EXERCISE DETAILS:
Copy word for word the lines of the records below, beginning at the one with "Despite the challenges, this" and finishing at the one with "Dokumentation av Gruvutställningen.", ends included, but none of the pictures.
*** Opening of MATERIAL SUPPLIED ***
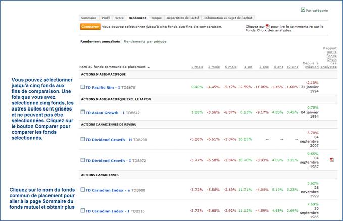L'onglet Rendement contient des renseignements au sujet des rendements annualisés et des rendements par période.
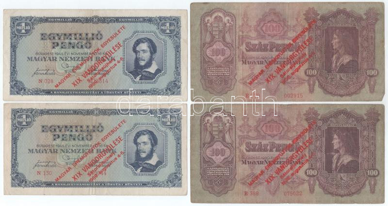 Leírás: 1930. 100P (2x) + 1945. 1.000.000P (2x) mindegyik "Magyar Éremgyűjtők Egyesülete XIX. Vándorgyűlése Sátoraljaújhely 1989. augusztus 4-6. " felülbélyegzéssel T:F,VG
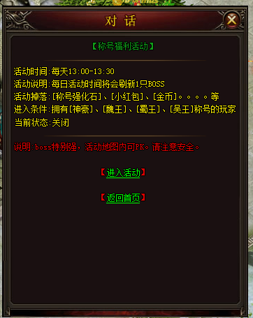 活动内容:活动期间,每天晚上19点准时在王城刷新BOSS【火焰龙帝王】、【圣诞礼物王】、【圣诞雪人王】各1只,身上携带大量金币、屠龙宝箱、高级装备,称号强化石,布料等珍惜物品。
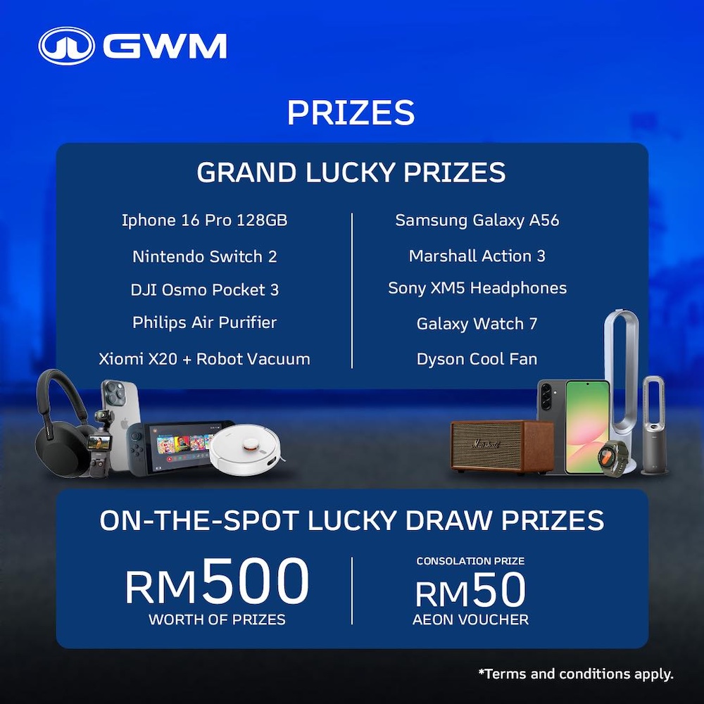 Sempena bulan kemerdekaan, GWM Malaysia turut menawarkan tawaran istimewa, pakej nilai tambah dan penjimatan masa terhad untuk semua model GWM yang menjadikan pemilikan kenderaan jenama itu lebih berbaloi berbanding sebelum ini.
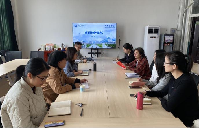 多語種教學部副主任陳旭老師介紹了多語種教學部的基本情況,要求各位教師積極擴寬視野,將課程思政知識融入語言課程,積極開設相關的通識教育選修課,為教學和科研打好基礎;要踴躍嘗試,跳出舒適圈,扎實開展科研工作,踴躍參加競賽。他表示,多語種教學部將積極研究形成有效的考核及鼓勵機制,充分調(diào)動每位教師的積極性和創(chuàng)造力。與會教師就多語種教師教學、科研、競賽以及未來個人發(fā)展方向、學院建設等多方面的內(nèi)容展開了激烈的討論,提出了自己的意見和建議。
*** Close of MATERIAL SUPPLIED ***
*** Opening of MATERIAL SUPPLIED ***
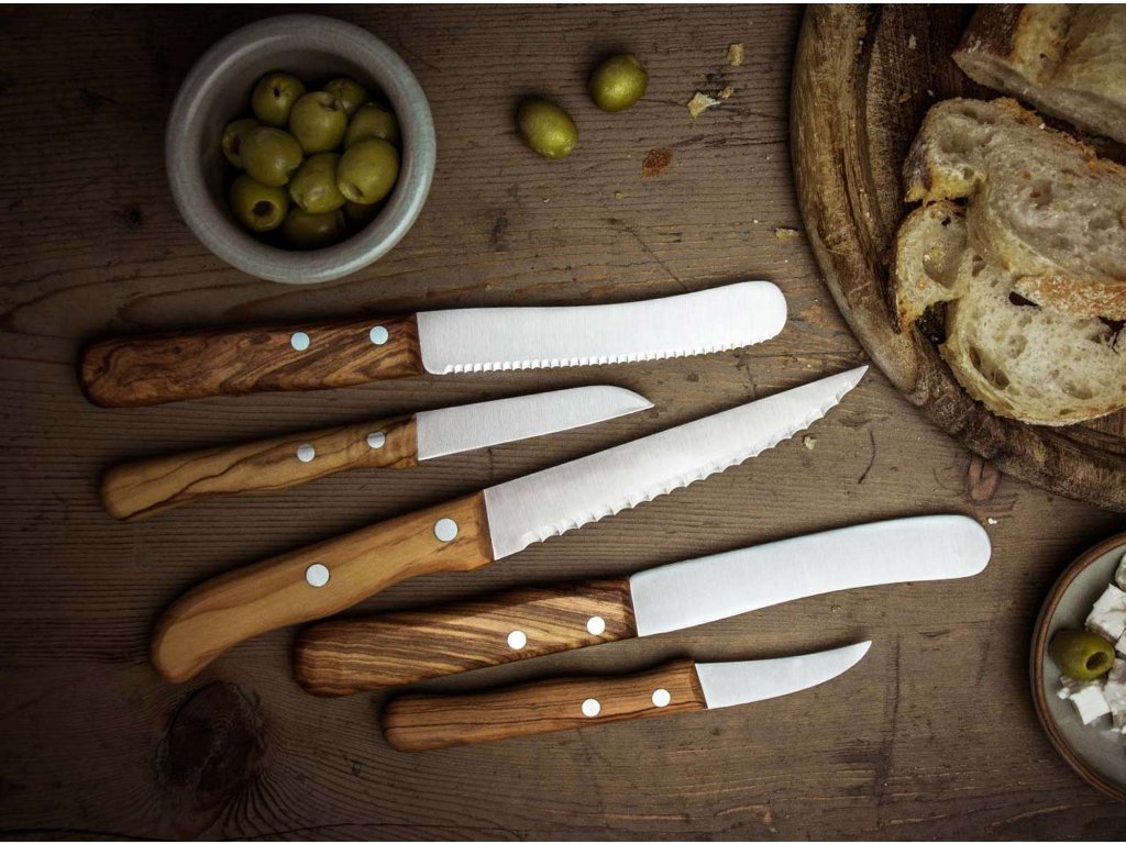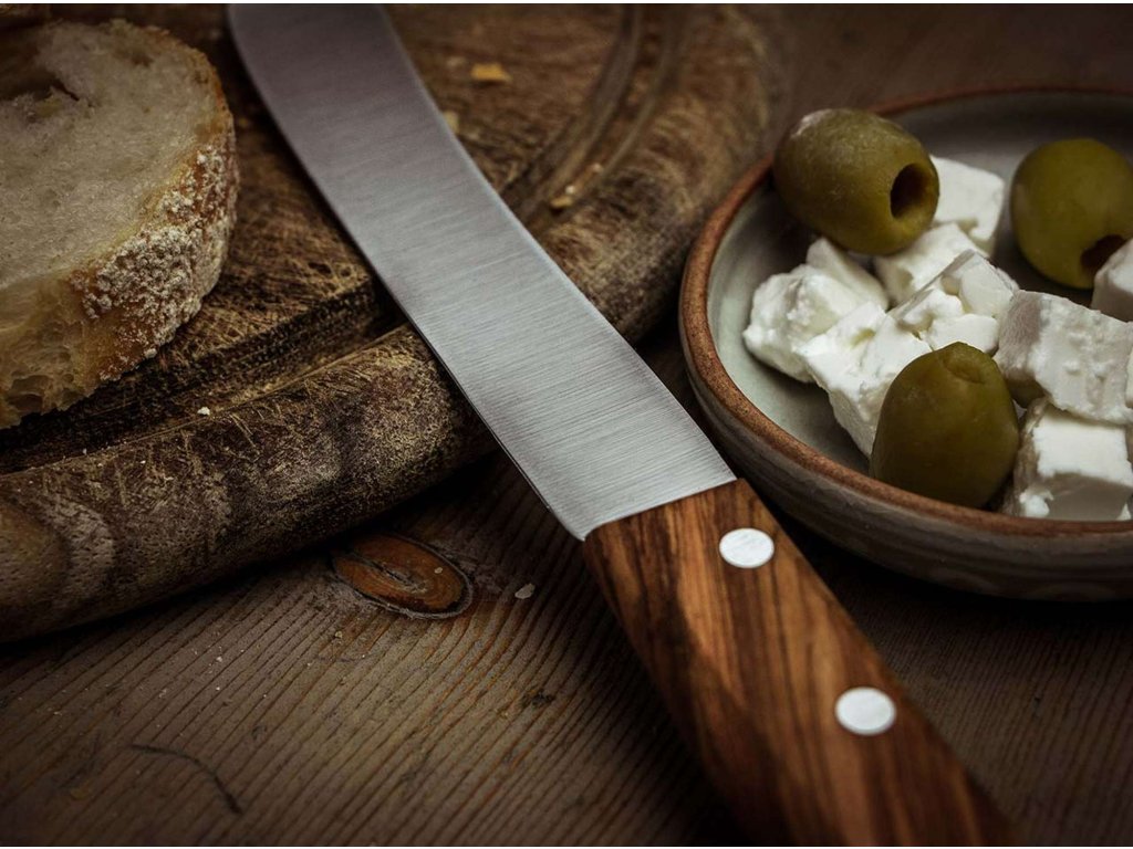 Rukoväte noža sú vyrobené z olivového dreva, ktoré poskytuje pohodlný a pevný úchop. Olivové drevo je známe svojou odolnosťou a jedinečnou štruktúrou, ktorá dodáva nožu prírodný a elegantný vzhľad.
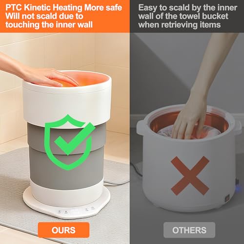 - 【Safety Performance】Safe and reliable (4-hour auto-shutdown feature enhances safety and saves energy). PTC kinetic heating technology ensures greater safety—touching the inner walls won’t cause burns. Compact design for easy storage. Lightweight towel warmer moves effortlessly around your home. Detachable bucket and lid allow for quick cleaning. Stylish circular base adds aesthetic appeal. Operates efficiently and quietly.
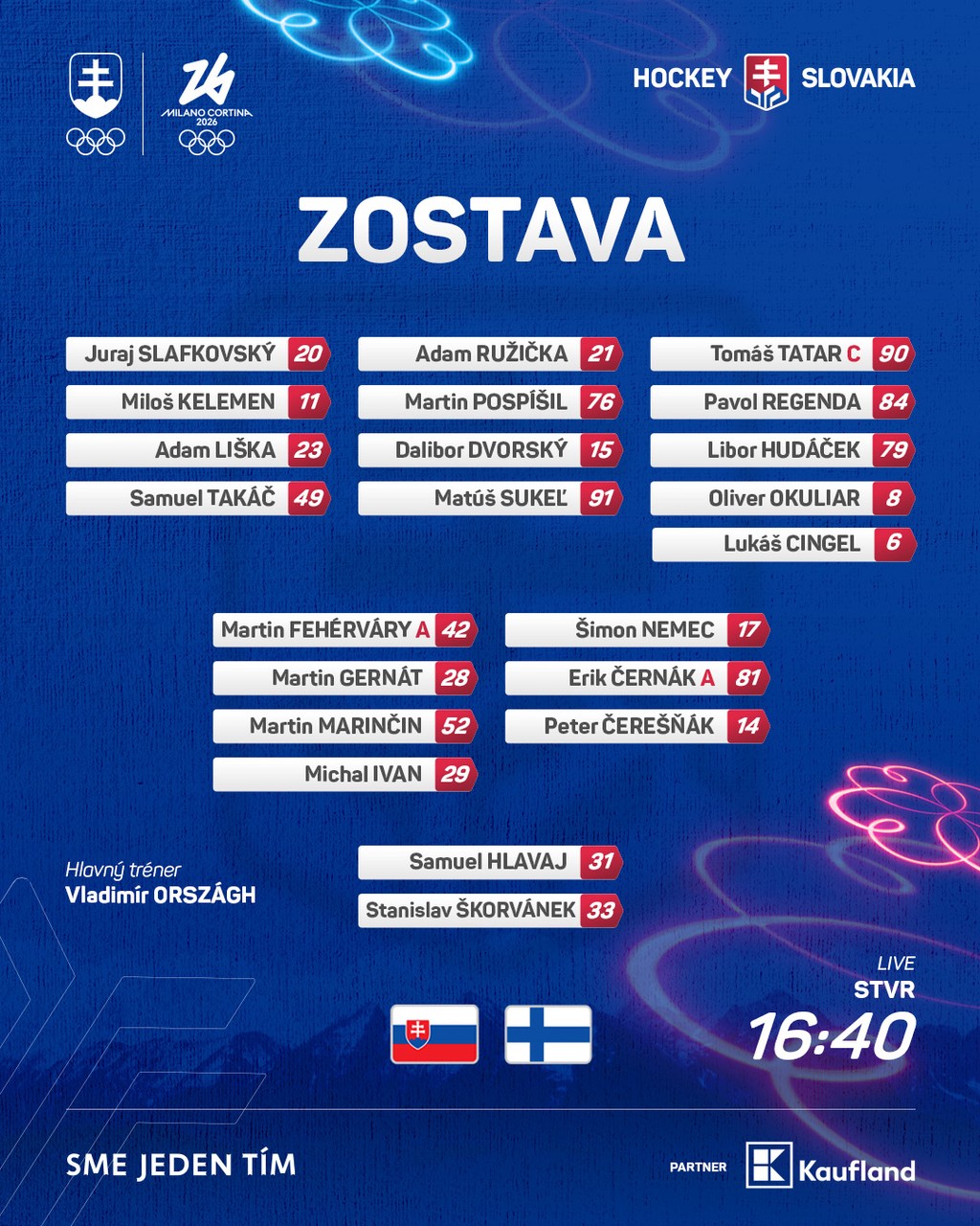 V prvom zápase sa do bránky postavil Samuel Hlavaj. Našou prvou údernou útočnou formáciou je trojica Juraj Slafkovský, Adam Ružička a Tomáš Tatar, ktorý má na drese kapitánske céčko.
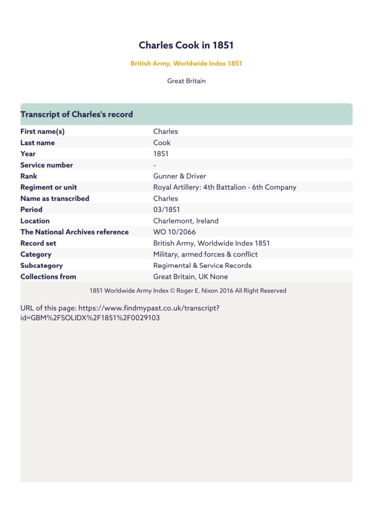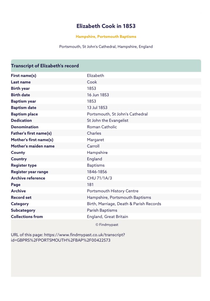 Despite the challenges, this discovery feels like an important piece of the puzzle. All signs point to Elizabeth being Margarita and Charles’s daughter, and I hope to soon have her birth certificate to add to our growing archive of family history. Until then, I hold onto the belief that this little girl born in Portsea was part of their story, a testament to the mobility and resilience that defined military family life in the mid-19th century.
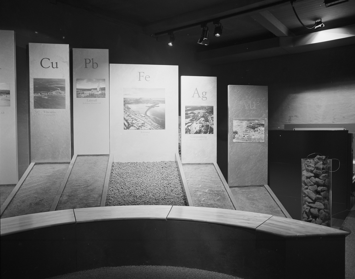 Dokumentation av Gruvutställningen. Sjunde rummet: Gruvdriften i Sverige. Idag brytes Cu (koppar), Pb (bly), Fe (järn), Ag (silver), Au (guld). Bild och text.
*** Close of MATERIAL SUPPLIED ***
THE COMPLETED TASK:
 Despite the challenges, this discovery feels like an important piece of the puzzle. All signs point to Elizabeth being Margarita and Charles’s daughter, and I hope to soon have her birth certificate to add to our growing archive of family history. Until then, I hold onto the belief that this little girl born in Portsea was part of their story, a testament to the mobility and resilience that defined military family life in the mid-19th century.
 Dokumentation av Gruvutställningen. Sjunde rummet: Gruvdriften i Sverige. Idag brytes Cu (koppar), Pb (bly), Fe (järn), Ag (silver), Au (guld). Bild och text.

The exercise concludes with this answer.